Strange Circus (2005): The Circus of your Mind

Strange Circus (2005)
dir: Sion Sono

Readers of Japanese Manga should be used to the type of subject matter contained within this film. Watchers of Takeshi Miike might even be used to it. But, Strange Circus will be no less shocking to those who think they should be accustomed to the content.

What is in Strange Circus? Incest, rape, murder, violence, dismemberment, paralysis, and psychosis. You know? Disney fun for the whole family. And, it's handled with all the subtlety and sensitivity that any Japanese over-the-top movie brings to the screen.
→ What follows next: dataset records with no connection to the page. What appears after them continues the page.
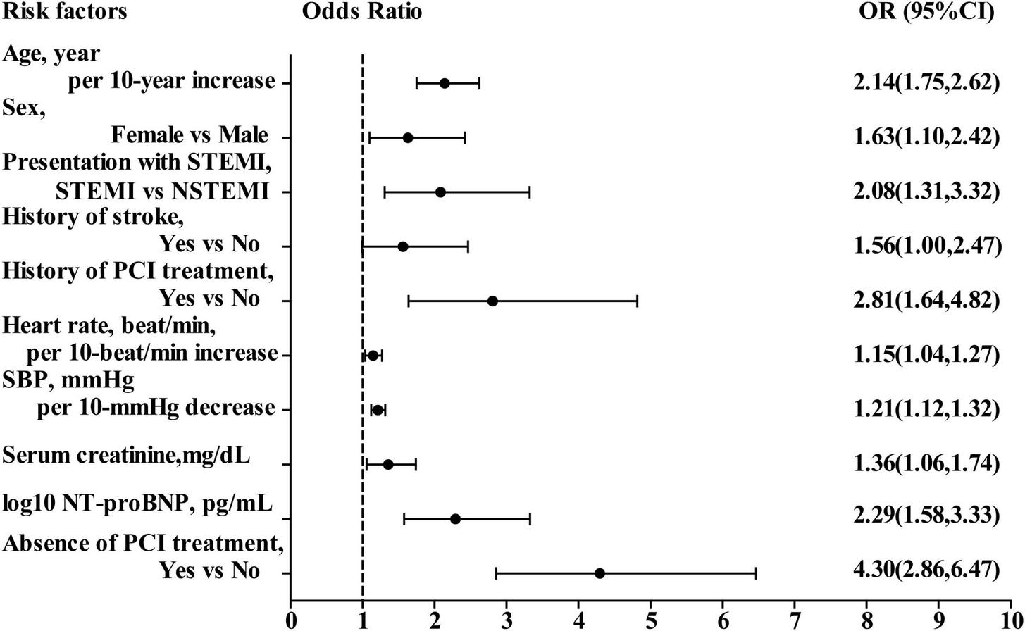 In the training cohort, the association between each baseline characteristic and in-hospital mortality was analyzed using the univariate logistic regression model and was presented in Table 2 (for continuous variables) and Table 3 (for categorical variables). Patients who died in the hospital were more likely to be old, female, and had an elevated heart rate, low SBP and diastolic blood pressure, high incidence of previous diseases (diabetes, hypertension, coronary artery bypass graft, PCI treatment, and stroke), low rate of treatment with medication (aspirin, clopidogrel or ticagrelor, and statins) and PCI treatment (each P < 0.05). For laboratory findings, alanine transaminase, aspartate aminotransferase, and fasting plasma glucose were higher, and triglyceride, total cholesterol, and high-density lipoprotein cholesterol were lower in dead patients compared to survival patients (each P < 0.05). The initial levels of serum creatinine, NT-proBNP and cardiac enzymes (creatine kinase, creatine kinase-MB and cardiac troponin I) were high in the non-survival patients (each P < 0.05).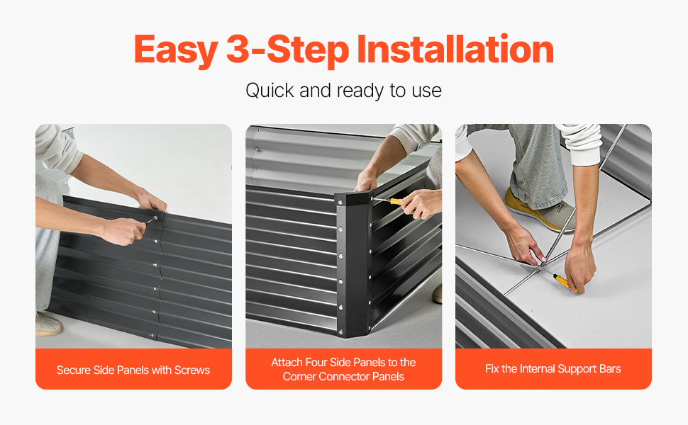 Tento vyvýšený záhon, navrhnutý na jednoduchú montáž, možno rýchlo zostaviť pomocou skrutiek. Nie sú potrebné žiadne zložité nástroje, vďaka čomu je vhodný pre začiatočníkov.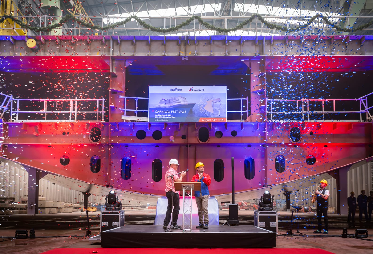 Strike up the band! In keeping with maritime tradition, a keel laying ceremony took place yesterday at Meyer Werft in Papenburg, Germany for Carnival Cruise Line’s newest Excel-class ship, Carnival Festivale, set for delivery in spring 2027.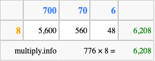 Below is an illustration showing you how to calculate 776 times 8 using the box method, using the instructions above.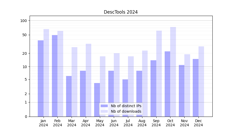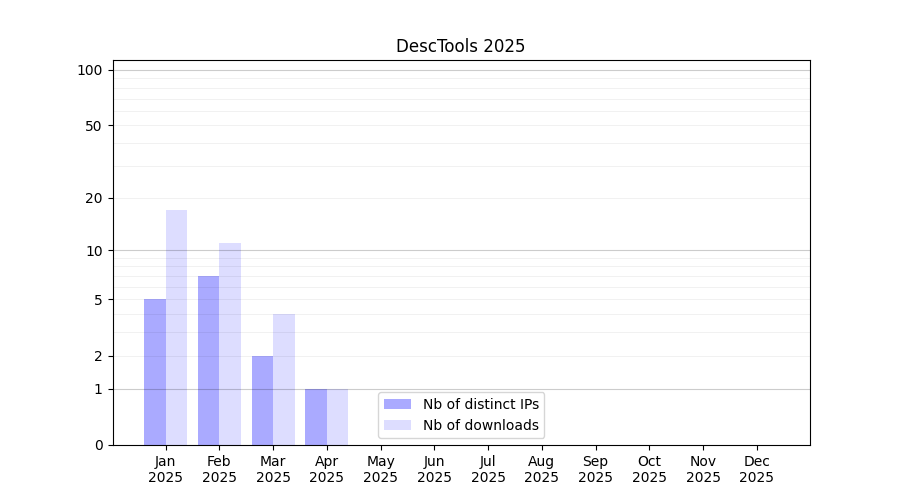 Number of downloads for experiment package DescTools, year by year, from 2025 back to 2014 (years with no downloads are omitted):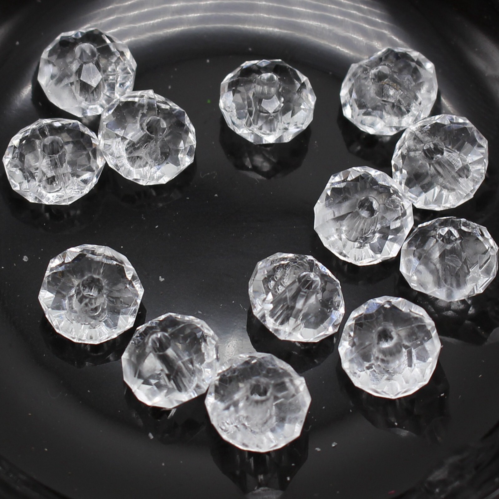 как выглядит 130pcs 6x10mm Clear Faceted Rondelle Beads - Transparent Acrylic Spacer Beads фото
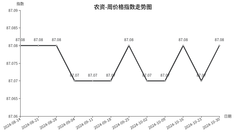 本周,农资类周价格指数收于87.08点,环比上涨0.01点。从二级分类看,兽禽用药类、农药类、种子类价格均出现上涨,分别涨0.55点、0.28点、0.09点,农膜类价格指数与上期持平。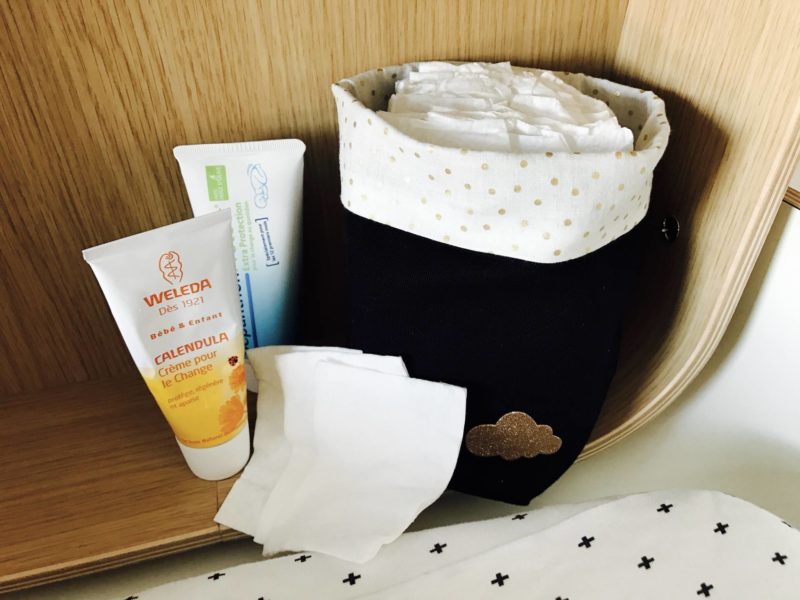 Quant aux couches, je suis aux Pampers pour l’instant mais vu la polémique, je vais passer aux Love & Green. En attendant, sur les conseils de ma sage-femme, pour isoler la peau de la couche, j’utilise des carrés de coton tissé que je mets dans la couche. Je vous donnerai mon avis sur les Love & Green plus tard du coup !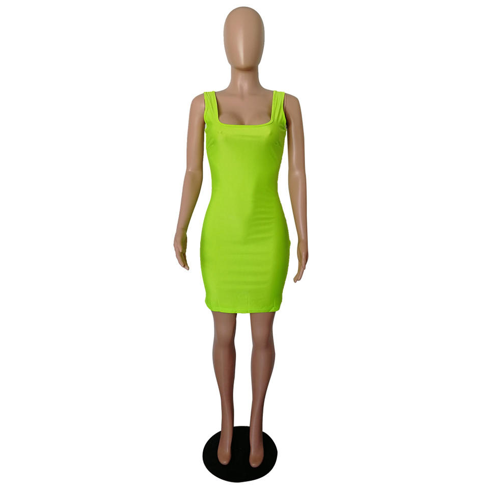 Big Discount on Sales Women Dresses Summer Clothes Women Solid Color Bodycon Dress Women Neon Green Midi Dress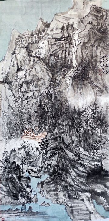 李志磊中國畫《幽谷聽泉》 138*69 厘米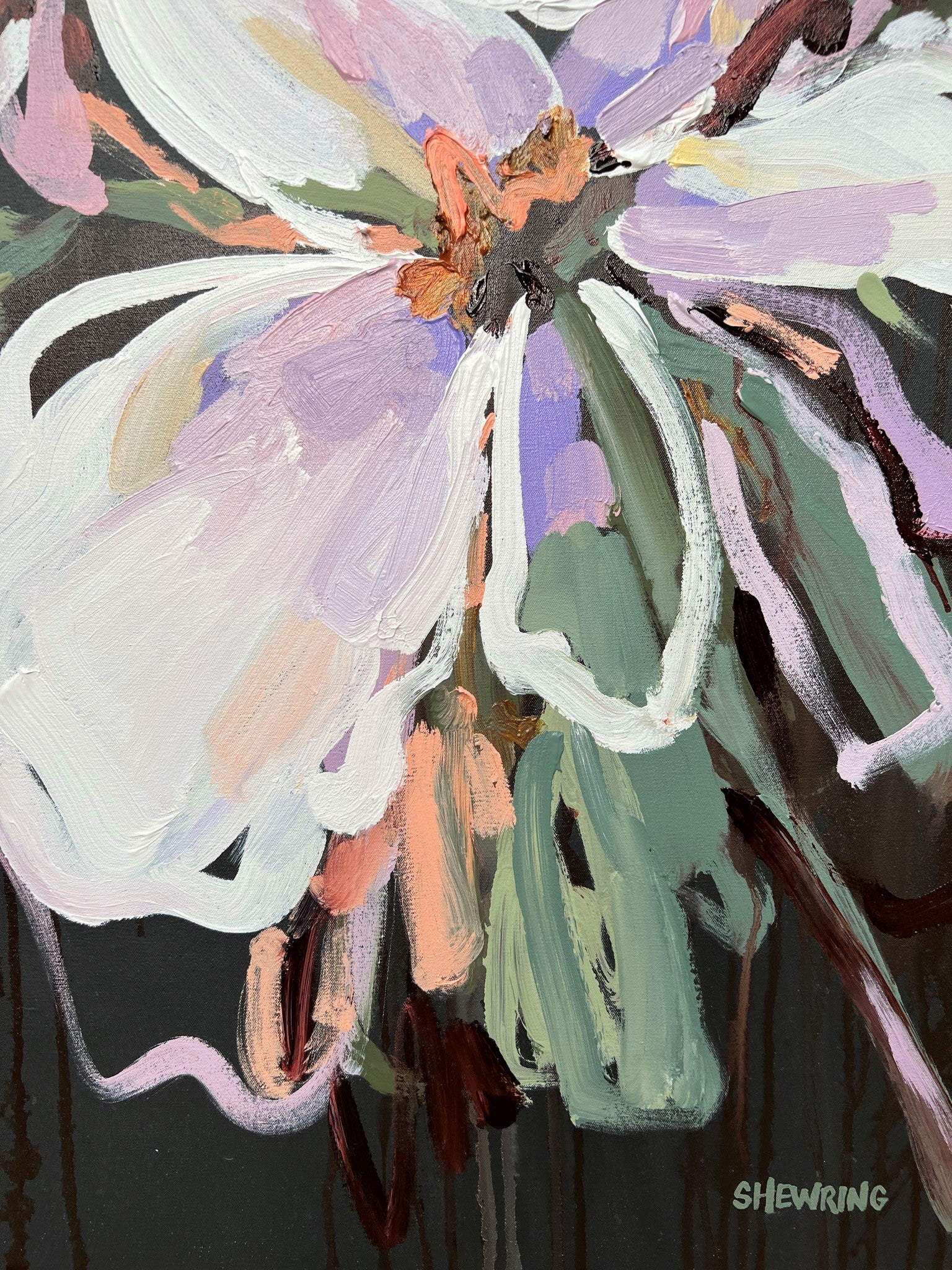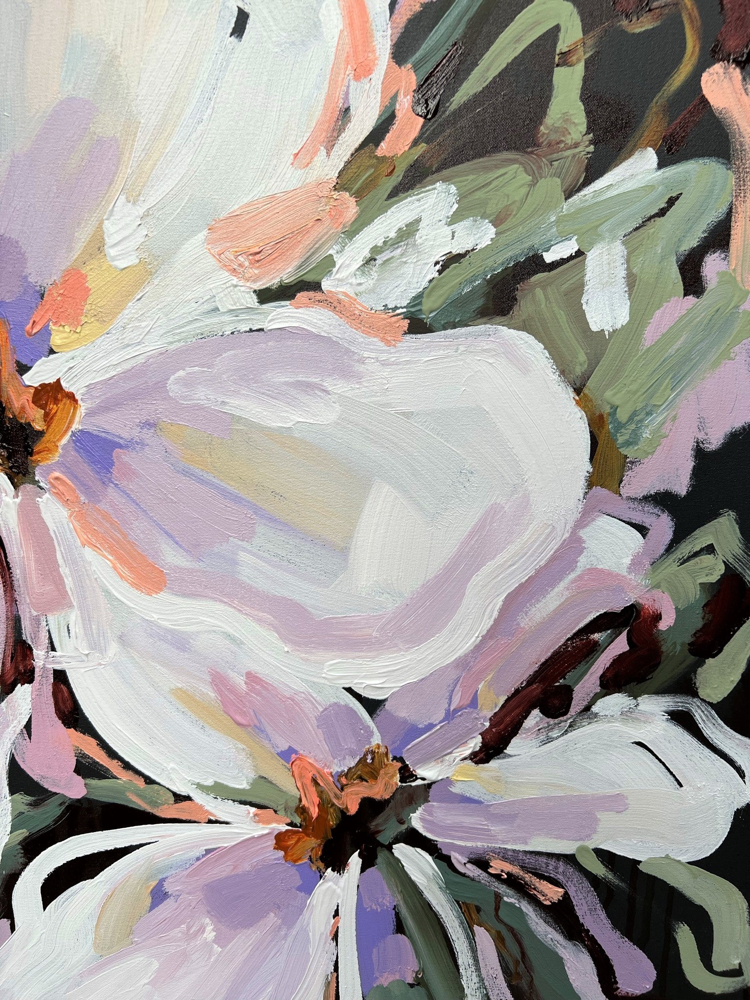 Sweet Romance is a beautifully textured flower abstract with gorgeous creams and dusty pinks, lilac, mauve, butter yellows, orange, tangerine, chocolate coloured impressions of leaves with bursts melons, sage and olive greens. This painting has expressive individual brushstrokes that bring it to life!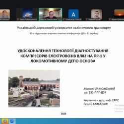 of trains with automatic track-gauge change systems Вікторія СВЄТОШ (108-MBT-Д22) керівник – доц. Ганна КОМАРОВА ; Розроблення комплексу заходів, спрямованих на покращення роботи локомотивного або моторвагонного депо Михайло ЧУГАЙ (221-ЛЛГ-Д24) керівник – доц. Павло ХАРЛАМОВ; Удосконалення технології діагностування компресорів електровозів ВЛ82 на ПР-1 у локомотивному депо Основа Микола ЗАМОЖСЬКИЙ (131-ЛЛГ-Д24) керівник – доц. Сергій МИХАЛКІВ.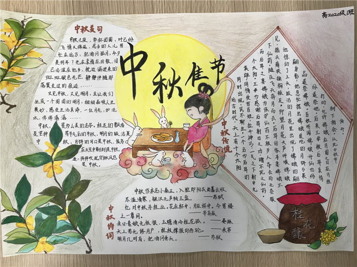 四是组织开展“喜迎中秋”手抄报比赛活动。2020级各班同学精心设计了形式多样的手抄报,用自己独特的见解画出了心目中的中秋节。通过开展“喜迎中秋”手抄报比赛,激发了同学们热爱优秀传统文化的热情,增强了民族自信心、自尊心、自豪感。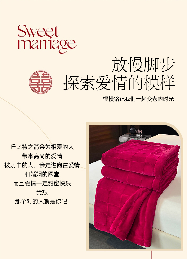 商品名称:凯轩毛毯网销专供 2025新款方格精品婚庆云毯毛毯 方格-玫瑰红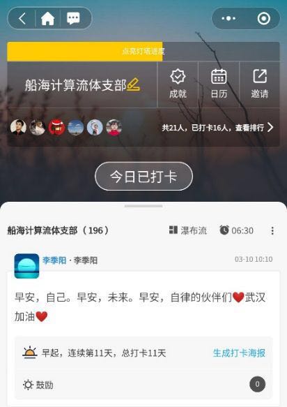 停课不停学,科研不停歇。为积极引领班风、学风,发挥学生党员的模范带头作用,保障线上教学、科研顺利进行,各党支部及时传达学校关于线上教学科研的安排,听取学生党员对在线教学的意见建议,为线上教学建言献策;多个学生党支部将学业分享活动搬到了线上,为低年级本科生开展线上学业辅导;船海计算流体力学博士生党支部开展“梦想从清晨开始”早起打卡活动和“让阅读成为一种习惯”共读活动,支部成员之间相互督促鼓励,养成良好习惯,在家高效科研学习。

Strange Circus opens with a carnival/circus where a drag queen invites a 14 year old girl to be executed on the stage guillotine. The girl accepts his offer, and comments, in voice over, that she thinks this is where she was born. But, the carnival is only a metaphorical framing device of the story within the film. The story is about a daughter who accidentally sees her parents having sex, gets caught by her father, then is molested, and raped by her father. Her father grooms her in grotesque ways, like locking her in a cello case with eyes cut out to watch her father have sex with her mother.

The story is disconnected and dreamy, with the mother and daughter frequently interchanging positions. The mother is jealous of the daughter's new sexual position in the family. The daughter accidentally kills the mother during one of the mother's jealous rages over an earring.

But, all of this is the latest manuscript of an author, played by the same actress who plays the mother in the stories. In this reality, the author is attended by a new editor from her publishing house who waits on her hand and foot while also reading through her manuscript.

You'd be more than a little forgiven if you thought this has the same types of themes as Miike's Audition, which is also about a father figure who auditions young girls to be his lover, only to be tortured for his abuse of the system and falling into the lamentable pattern of seeing women as objects for his sex or love. And, really, that movie was one of Miike's first films that seems to be a nuclear weapon aimed by the new generation of Japan at the old cultures of Japan. It seemed to rip open the old school ideas of sex and dominance, while forcing its own values on the screen.

Sono's Strange Circus, participates in the same knee-jerk cinema that also seems to be about how the old customs of Japan fucked up the new generation. Especially with it's conclusion, which doesn't exactly come out of left field but reaches a fever pitch normally seen in anime and manga. Sono seems to be saying "look at how you raped and fucked up Japan, assholes." Though, at times, one also checks in with the Natural Born Killers-esque question of "Can you condemn without also indulging?" Sono lingers over the various sexual abuses quite frequently and, while not completely and penetratively graphic, still graphic enough to be disturbing. It's still almost on a Showgirls rape scene level graphic. Which led to the question, is he indulging as he's condemning, or is he only indulging for entertainment, or only condemning? And, does it even matter?

The long form continuation of rape in this movie is really squeamish, and also leads to one wondering if this is almost a normalization of rape. Even if it is disturbing, the sheer amount of it almost has a numbing effect, even if Sono ultimately condemns it.

As a piece of shock cinema, however, Strange Circus certainly is shocking. It is also a frequently beautiful film. Sono makes the film look as lush and gorgeous as he can. The lushness takes away from the impact that a more raw, less stylized film would take, for better or worse. If you like shock cinema, this is one of the entries that you may need to watch. But, it will push your buttons, and maybe for no real reason.